Many Conservative MPs oppose Bill 21. This will come to the fore during the debate, because only Patrick Brown has consistently opposed this law, which openly discriminates against religious minorities in general and Muslim women in particular.

There will not be much time for detail in these debates. The prepared lines, as usual, will take the place of the argument on the merits. Follow Charest, he is quick in the debate and very disciplined in terms of preparation. This is his three-point shot at the buzzer. He moves badly and knows it, so he will come with a lot of ammunition and fire to everything that moves.

Poilievre does not stoop when it comes to destroying other candidates. He called Brown a liar at the beginning of the campaign. He will not be ashamed to present a very long list of ethical shortcomings of the Charest regime in Quebec City. Expect him to make fun of Charest’s huaua (yes, he was a lawyer for this big Chinese company, but … he worked to free Michael).

Of course, Pierre Poalever’s “freedom” includes support trucks that have turned life into hell for the people of Ottawa. They also said they would not leave until the government resigned. So much for lecturing others on the principles of democracy.

When Harper puts him at the forefront of electoral reform, his proposals would make it difficult for Canadians to vote on the lower rungs of the socio-economic ladder. His experience in respecting the rights of the less fortunate is weak. Like Trump, he could not give a damn about the working class, but he knows how to vent their anger.

There is a belief that with a name like Pierre, Poilievre must have some traction in the province of La Belle. The reality is that he is facing Francois Lego on issues such as Bill 21 and the oil and gas pipelines.
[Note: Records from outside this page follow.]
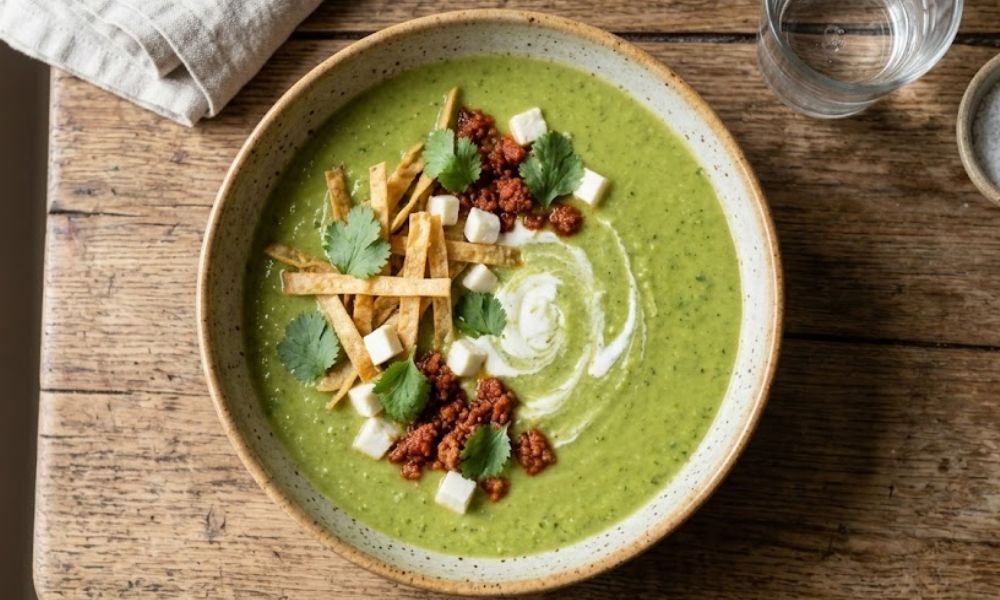 • Otra opción deliciosa es agregar tiras de tortilla fritas para darle un toque crujiente, o incluso chorizo frito desmoronado si buscas una versión más sustanciosa. Estas guarniciones transformarán tu crema en un platillo digno de restaurante.
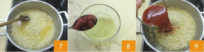 and then add a ladle of vegetable broth (for the best result, follow our guide Vegetable broth), stir 7 and separately dilute a tablespoon of triple tomato concentrate in 50 ml of broth 8 and pour it into the rice 9. Cook the rice, gradually adding vegetable broth and stirring occasionally.
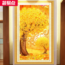 5d新款钻石画满钻玄关竖版摇钱树聚宝盆贴钻十字绣金色元宝发财树

Lego has said a resounding no to the Énergie Saguenay liquefied natural gas terminal and every new pipeline in Quebec. He says it is based on “social acceptability” (read: political risk).

“THE PIZZA OF POLYEVRE”

Other candidates are likely to oppose Quebec’s claim that it could unilaterally amend the BNA Act to reduce the language equality of English and French in court. Poilievre has no answer for this and will probably hide. This is a livewire problem that requires a fine, detailed understanding of language issues and the constitution.

This is the type of case in which the average Canadian may begin to notice that Pierre is not doing well. In fact, he does not go into details. This, more than noise, is Trump’s side with Poilievre: a slight shrug and nothing to give up.

Charest’s business argument with the Conservatives is: if you hope to win an election, choose me. After all, he is experienced and worldly. Exactly what Harper’s loyalists obviously don’t want right now!

Poilievre’s point is: the pattern of all of them and of all their houses. I will burn them down and build new affordable homes in their place.

What a race.

Tom Mulcare was the leader of the Federal New Democratic Party of Canada between 2012 and 2017.